**Task to complete**. What you return should be the full listing, word for word, without a single image.

**Recorded information**.

※ ※ ※

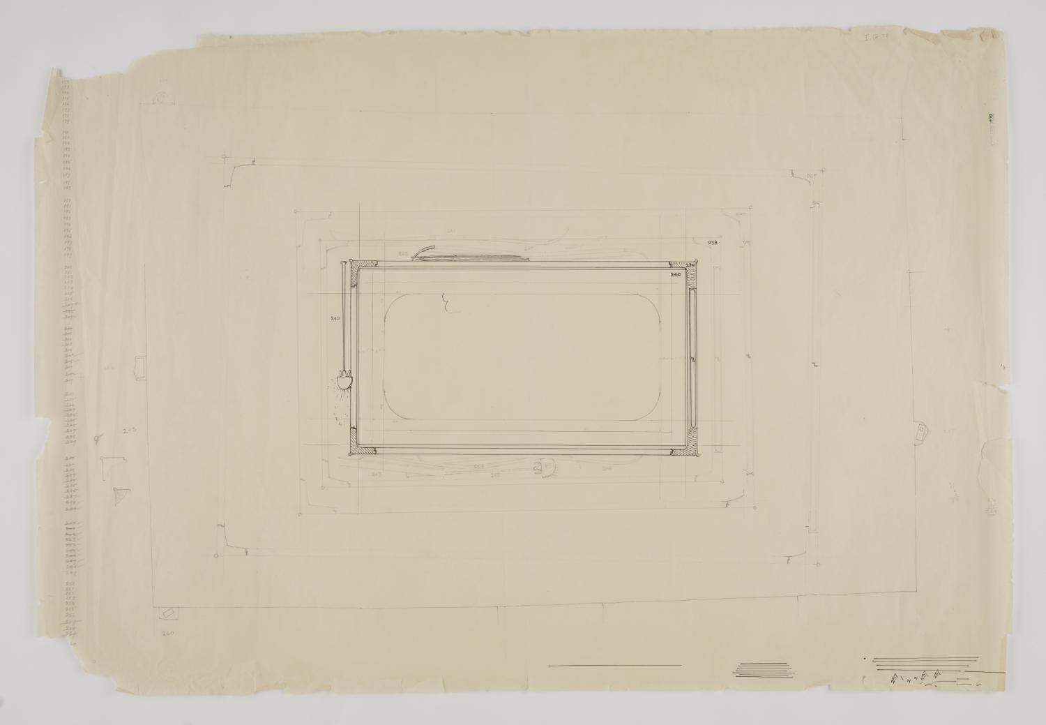 Used for compiling the final plan of Burial chamber, see Carter MSS i.G.31. Also Carter's list of objects for inclusion on plan, written along the left side of sheet.
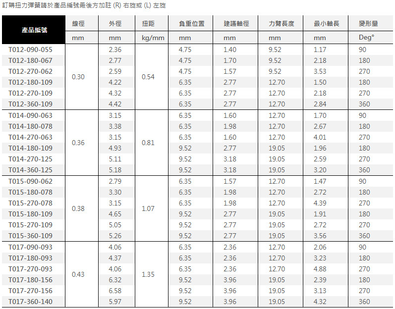 SPEC 的扭力彈簧可以儲存和釋放扭轉過程中的能量,在短距離內獲得足夠的彈力,扭力彈簧工作時應向彈簧盤繞方向扭轉,如果朝反方向扭轉無法達到最大負重值,在良好的安裝狀態下,使用低於表中20%的扭力值,可延長彈簧的使用壽命。 材質 SUS302 不銹鋼線 線圈 左旋、右旋 末端 標準品末端為直線 表面 塗膜處理 公差 外徑 ± 5%
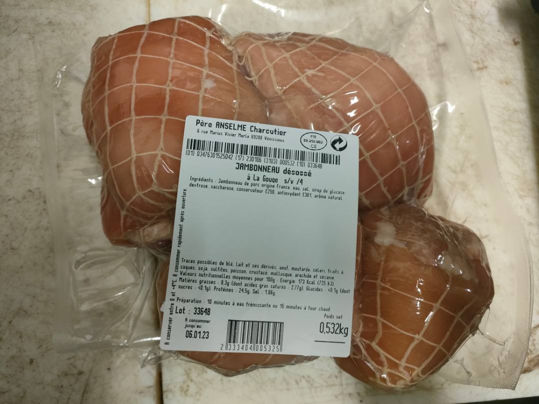 - JAMBONNEAU désossé à la Gouge s/v /4 sous vide par 4 jambonneaux, poche destinée au rayon coupe

※ ※ ※

**Task response**.
 Used for compiling the final plan of Burial chamber, see Carter MSS i.G.31. Also Carter's list of objects for inclusion on plan, written along the left side of sheet.
 SPEC 的扭力彈簧可以儲存和釋放扭轉過程中的能量,在短距離內獲得足夠的彈力,扭力彈簧工作時應向彈簧盤繞方向扭轉,如果朝反方向扭轉無法達到最大負重值,在良好的安裝狀態下,使用低於表中20%的扭力值,可延長彈簧的使用壽命。 材質 SUS302 不銹鋼線 線圈 左旋、右旋 末端 標準品末端為直線 表面 塗膜處理 公差 外徑 ± 5%
 - JAMBONNEAU désossé à la Gouge s/v /4 sous vide par 4 jambonneaux, poche destinée au rayon coupe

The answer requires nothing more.